[Try it]: With the images excluded, set down every line of the listing below exactly.

[Data excerpt]:
━━━━━━━━━━━━━━━━
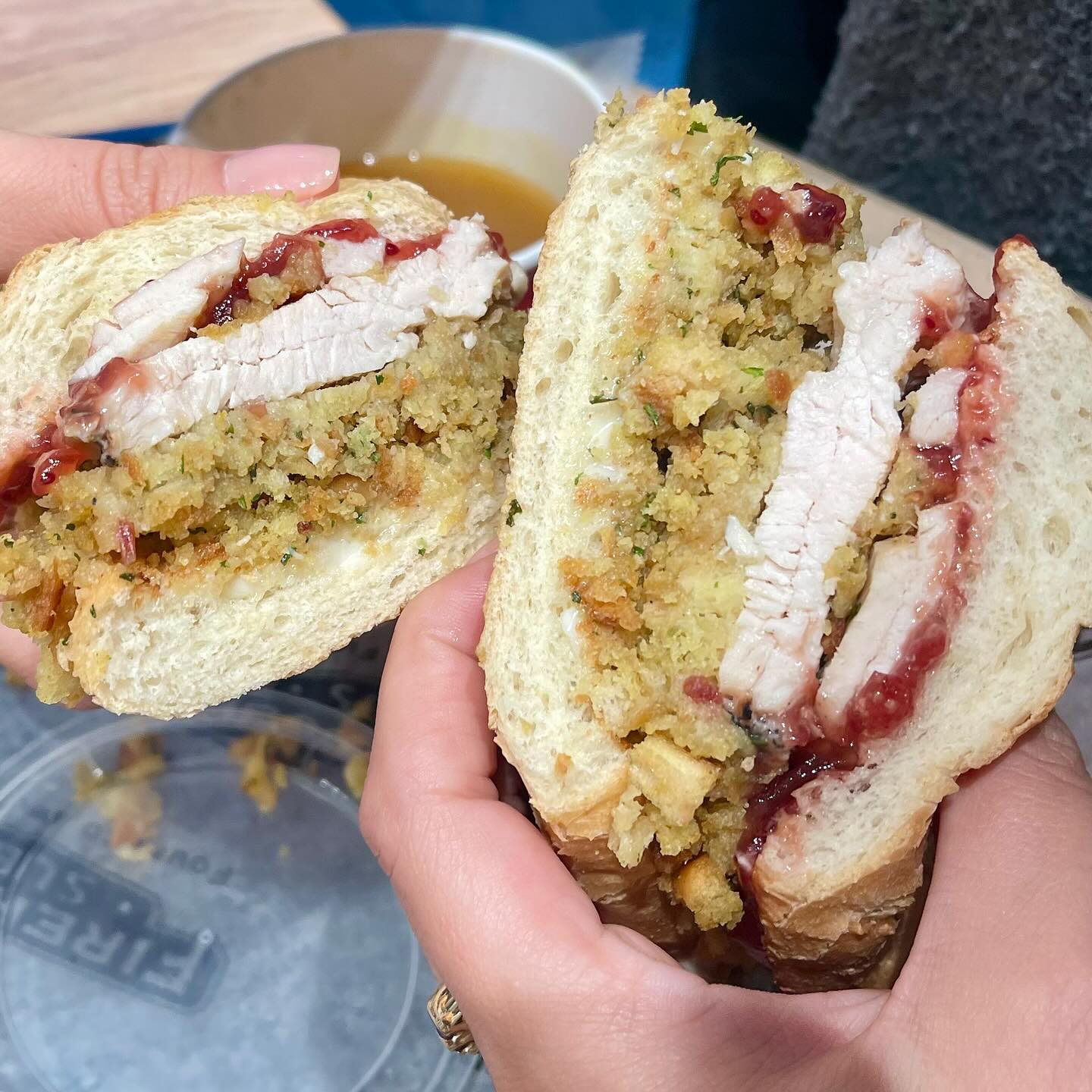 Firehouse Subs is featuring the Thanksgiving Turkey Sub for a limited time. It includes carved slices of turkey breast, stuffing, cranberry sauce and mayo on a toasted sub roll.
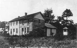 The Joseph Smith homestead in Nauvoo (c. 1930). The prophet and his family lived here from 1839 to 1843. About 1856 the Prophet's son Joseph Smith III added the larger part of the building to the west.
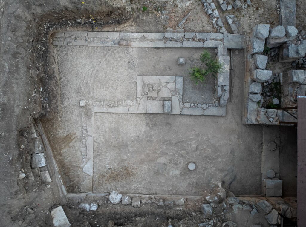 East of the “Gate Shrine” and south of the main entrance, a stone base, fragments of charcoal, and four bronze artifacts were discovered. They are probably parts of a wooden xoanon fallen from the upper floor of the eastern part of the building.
━━━━━━━━━━━━━━━━
[Exercise answer]:
 Firehouse Subs is featuring the Thanksgiving Turkey Sub for a limited time. It includes carved slices of turkey breast, stuffing, cranberry sauce and mayo on a toasted sub roll.
 The Joseph Smith homestead in Nauvoo (c. 1930). The prophet and his family lived here from 1839 to 1843. About 1856 the Prophet's son Joseph Smith III added the larger part of the building to the west.
 East of the “Gate Shrine” and south of the main entrance, a stone base, fragments of charcoal, and four bronze artifacts were discovered. They are probably parts of a wooden xoanon fallen from the upper floor of the eastern part of the building.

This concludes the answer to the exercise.